This proposal was announced on June 11, aiming to eliminate nearly 20 years of U.S. stock trading protection and quote constraint rules. The SEC indicated that this move is intended to reduce trading costs and provide greater room for market competition and technological innovation.
Benchmark's analysis suggests that current Rule 611 (Order Protection Rule) requires trades to follow the National Best Bid and Offer (NBBO), while Rule 610(e) restricts "locked/crossed quotes." These mechanisms are effective in traditional matching systems but create structural constraints for decentralized finance (DeFi) models like automated market makers (AMMs).
The report points out that if these rules are revoked, it will significantly lower compliance barriers for tokenized stocks and on-chain trading systems, making AMM-based trading models easier to integrate into the U.S. capital market system.
Regarding potential beneficiaries, Benchmark highlights Securitize, considering it as the most directly benefiting tokenized securities infrastructure provider. Coinbase and Galaxy Digital are also expected to benefit from the expansion of trading, market making, and custody infrastructure.
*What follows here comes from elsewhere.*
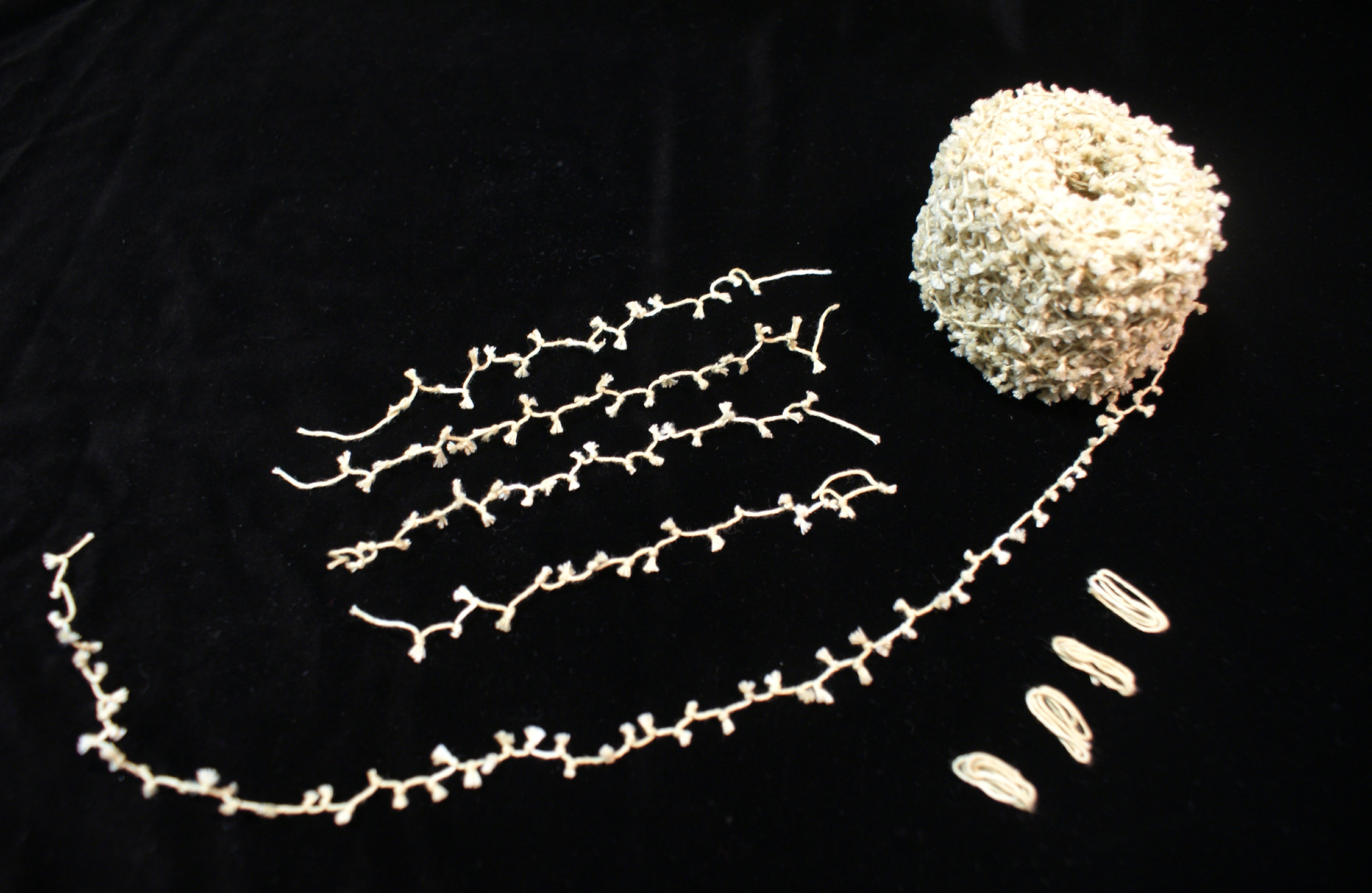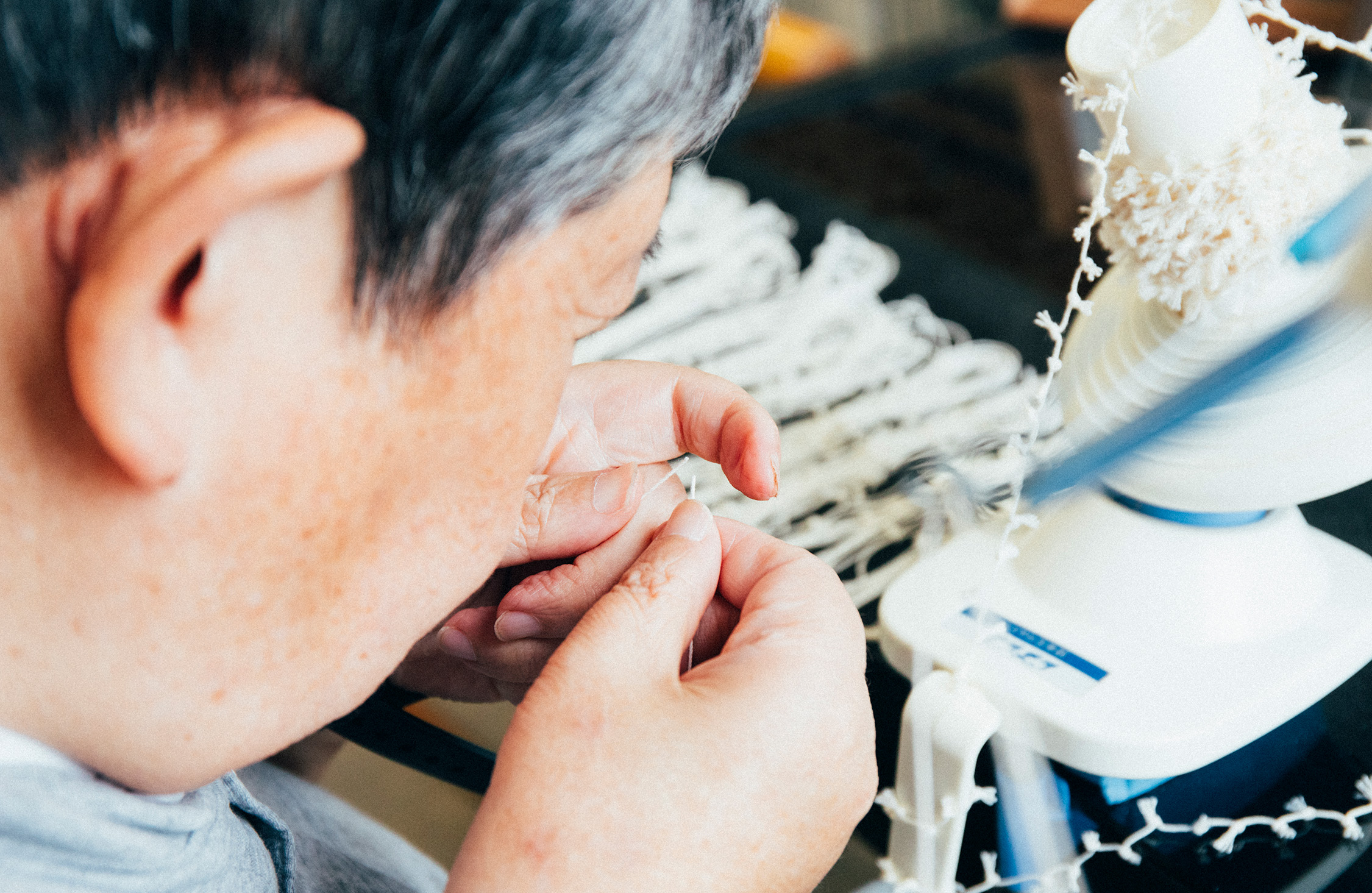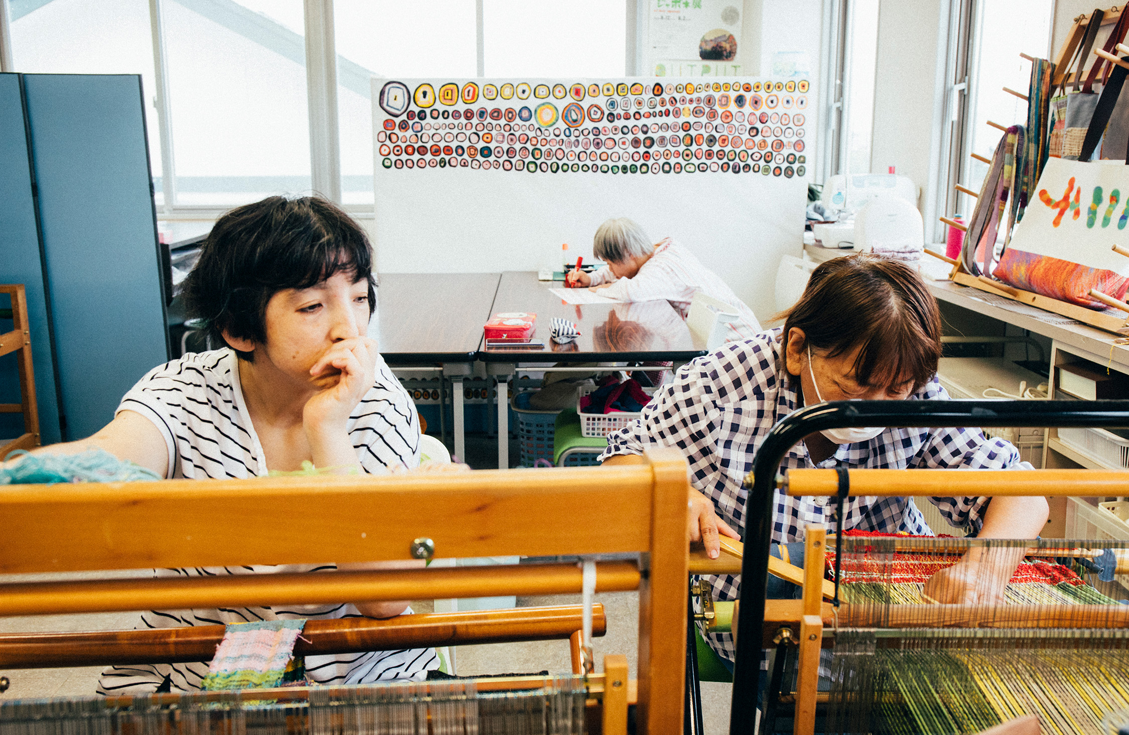 背中を丸め、白い糸と向き合うのは似里力(にさとちから)さんだ。彼は生成り糸をハサミで切っては結び、またチョキンと切っては結ぶことを黙々と繰り返す。その作業をかれこれ14年、飽きることなく続けているという。かつてアトリエで草木染めに取り組んでいた時期に、染めた糸から毛糸玉を作る仕事に従事していた似里さんは、ある時、糸が絡まった際に切って結ぶ動作に心を奪われたらしい。やがて、切れていない糸をこっそり切っては結ぶようになり、「染糸が売り物にならなくなるから止めてください」と注意されるたびに謝りはするものの、また同じことを繰り返した。やがて「もう好きにしてください」となり、以来彼の本格的な創作活動が始まった。

However, the report also emphasizes that rule adjustments do not address all core issues, such as stock exchange registration systems, custody and clearing frameworks, and the legal positioning of DeFi-native trading, which still require further clarification. Industry insiders generally expect that subsequent "innovation exemption mechanisms" will become key supporting policies. The SEC has currently opened a 60-day public comment period for this proposal, with market expectations that a final vote may take place in early 2027.